Между тем с плясуном самим после каждого представления стали делаться обмороки, и довольно продолжительные. Он стал реже поддаваться искушению осушить стопу. Отталкивая же от себя ее, он стал дольше упорствовать в отказе выхода на пляску, когда собирались толпы зрителей. А уж между зрителями много наезжать стало хорошего народа, особенно людей торговых, ничего не жалеющих на потеху. Вожак ватажный, выведенный раз из терпения, посулил железный прут упорствующему кабальному.
– Коли не слушаешь упросов, ужо мы те вот чем научим послушанью!.. – да и замахнулся на угрюмого плясуна старик. Не владел он уже собою, как увидел, что народ начал расходиться, прождав напрасно пляски с утра до полдня.
Только и видел свой прут глава ватаги. Поняв сущность угрозы, силач Суббота свил прут этот, чуть не в палец толщиною, в шнурочек меньше четверти да и бросил его в испуганного угрожателя.
– Есть не дадим – смиришься поневоле!.. – решил мнимый слепец, запирая на замок каюту упрямца, который при этом только больше побледнел.
Прошло два дня. Замок не отпирался, да и узник не давал знака, чтобы в чем нуждался или чего желал. Проезжал на ту пору дьяк приказный из Великого Новагорода и стал просить главу ватаги потешить его – показать пляски человечьи с медведями.
– Ваша честь, хоша и прискорбно нам, а должны мы донести твоему степенству, что всей бы душой рады показать это самое… да боюся, с упрямцем ничего не поделать… хуже, чем дерево…
– Какой упрямец?
– Да этот самый проходимец, плясун-от наш, обозлился сам не знает про што и с голоду мрет, а не покоряется.
– Да какой он такой человек есть?
– Попросту сказать, кабальный мой… пошел к нам в кабалу за одиннадцать рублев, в прожиток, да от рук отбился… И вином спаиваем, кажись, вволю, да норовит вельми, и норову самово проклятого: не захочет – ни в жисть не принудишь…
– А коли кабальный – чего же с ним и толковать: в кандалах под плеть! Она, друг сердечный, хоша какую дурь выгонит неотменно. Пробрать бы его только…
– Коли бы милость твоя сам его в чувствие привел?

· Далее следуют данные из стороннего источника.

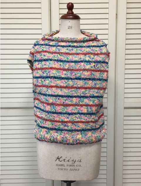 JUGEMテーマ:編み物 ガーター編みカーディガンの余り糸と、同じ糸の色違い2色(なぜか1玉ずつ買ってあった)を組み合わせて、ギリギリ完成できました。糸は罪庫でも新作パターンだとなんとなく新鮮な気分で編めました。

– Почему не так. Приведите…
Стали стучаться в закуту Субботину, отомкнули замок. Не откликается. Отворили дверь – лежит он ничком, а не спит.
– Его милость дьяк с Новагорода зовет тебя.
– Что ему надо?
– Хочет просить тебя досужество показать.
– Дьяк… из Новагорода? Слаб я от нееды.
– Подкрепись. Вольно же тебе упрямиться да на все серчать, на еду даже.
– Я на еду не серчал, а тебе покориться – ни в жисть.
Явилась закуска и брага и водка. Мнимый слепец, кланяясь, повторял:
– Голубчик, Субботушка, не губи ты моей головушки, не круши себя, кушай, что душеньке угодно. Потешь его милость только. Машенька стосковалась по тебе. От еды, сердешная, отстала. Ей-богу, право!
Суббота принялся за еду, язвительно усмехаясь. Насытился и, отпихнув поставец, встал и спросил: где там дьяк-то?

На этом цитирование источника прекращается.